DATA SECTION »

────

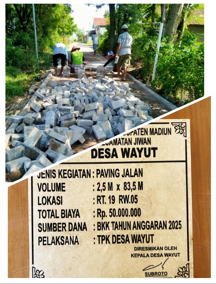 Madiun.Panjinasionalnews.com.Pemerintah Pusat berkomitmen bahwa hasil pembangunan harus merata dan dapat dinikmati hasilnya oleh rakyat.Untuk itu berbagai program pembangunan yang diluncurkan ke daerah harus mempunyai maksud dan tujuan untuk meningkatkan kemajuan daerah dan untuk meningkatkan kesejahteraan masyarakat.Adapun Program yang dikucurkan ke pemerintahan desa salah satunya adalah Bantuan Keuangan Khusus yang bersumber dari APBN maupun APBD, yang biasanya program ini diluncurkan dan disalurkan melalui anggota dewan.”Untuk program BKK tahun ini, pemerintahan Desa Wayut,Kec.Jiwan,Kab.Madiun merealisasikannya untuk pembangunan Pavingisasi Jalan Lingkungan.Dan program paving ini telah dilaksanakan di RT.19,RW.05 dengan anggaran sebesar Rp 50 juta.Adapun volume pengerjaan proyek Pavingisasi Jalan lingkungan ini adalah 2,5 M X 83,5 M dan semuanya dikerjakan oleh Timlak desa yang sudah ahli dibidangnya.Dan program pembangunan Pavingisasi Jalan lingkungan ini merupakan hasil Aspirasi Masyarakat Desa yang sudah direncanakan melalui Musdus maupun Musrenbangdes ,” jelas Kades Subroto.
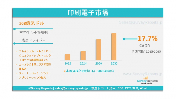 Survey Reports LLCは、2025年4月に「印刷電子市場セグメンテーション(材料別(インク、基材)、技術別(インクジェット、スクリーン、グラビア、フレキソグラフィ)、デバイス別(ディスプレイ、太陽光発電、照明、RFID、その他)、コンポーネント別(誘電体、接点材料、シリコン材料、プレゼンテーション、半導体)、用途別(生体認証、 セキュリティと軍事、医療、自動車)、用途別(自動車・輸送、医療、消費者向け電子機器、航空宇宙・防衛、建設・建築、小売・包装、その他の最終用途産業)- グローバル市場分析、動向、機会、予測、2025-2035」を発表しました。この報告書は、印刷電子市場の予測評価を提供し、成長要因、市場機会、課題、脅威など、印刷電子市場における主要な市場動向を強調しています。
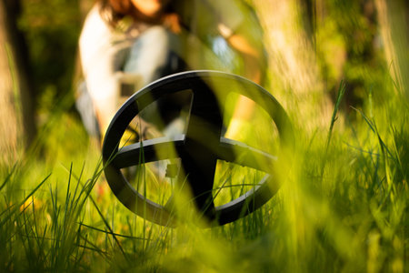 metal detector coil among the grass
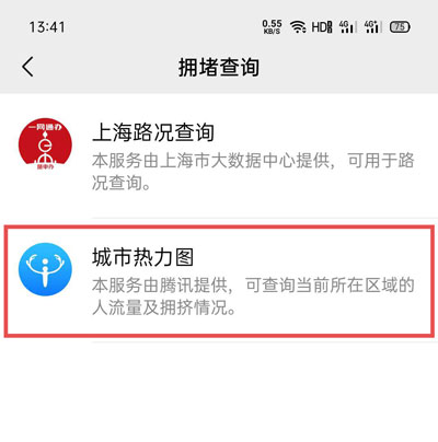 4.最后选择您要查看的拥堵类型为【城市热力图】;

────

Write out the data word for word. Any picture is to be skipped.

EXPECTED ANSWER »
 Madiun.Panjinasionalnews.com.Pemerintah Pusat berkomitmen bahwa hasil pembangunan harus merata dan dapat dinikmati hasilnya oleh rakyat.Untuk itu berbagai program pembangunan yang diluncurkan ke daerah harus mempunyai maksud dan tujuan untuk meningkatkan kemajuan daerah dan untuk meningkatkan kesejahteraan masyarakat.Adapun Program yang dikucurkan ke pemerintahan desa salah satunya adalah Bantuan Keuangan Khusus yang bersumber dari APBN maupun APBD, yang biasanya program ini diluncurkan dan disalurkan melalui anggota dewan.”Untuk program BKK tahun ini, pemerintahan Desa Wayut,Kec.Jiwan,Kab.Madiun merealisasikannya untuk pembangunan Pavingisasi Jalan Lingkungan.Dan program paving ini telah dilaksanakan di RT.19,RW.05 dengan anggaran sebesar Rp 50 juta.Adapun volume pengerjaan proyek Pavingisasi Jalan lingkungan ini adalah 2,5 M X 83,5 M dan semuanya dikerjakan oleh Timlak desa yang sudah ahli dibidangnya.Dan program pembangunan Pavingisasi Jalan lingkungan ini merupakan hasil Aspirasi Masyarakat Desa yang sudah direncanakan melalui Musdus maupun Musrenbangdes ,” jelas Kades Subroto.
 Survey Reports LLCは、2025年4月に「印刷電子市場セグメンテーション(材料別(インク、基材)、技術別(インクジェット、スクリーン、グラビア、フレキソグラフィ)、デバイス別(ディスプレイ、太陽光発電、照明、RFID、その他)、コンポーネント別(誘電体、接点材料、シリコン材料、プレゼンテーション、半導体)、用途別(生体認証、 セキュリティと軍事、医療、自動車)、用途別(自動車・輸送、医療、消費者向け電子機器、航空宇宙・防衛、建設・建築、小売・包装、その他の最終用途産業)- グローバル市場分析、動向、機会、予測、2025-2035」を発表しました。この報告書は、印刷電子市場の予測評価を提供し、成長要因、市場機会、課題、脅威など、印刷電子市場における主要な市場動向を強調しています。
 metal detector coil among the grass
 4.最后选择您要查看的拥堵类型为【城市热力图】;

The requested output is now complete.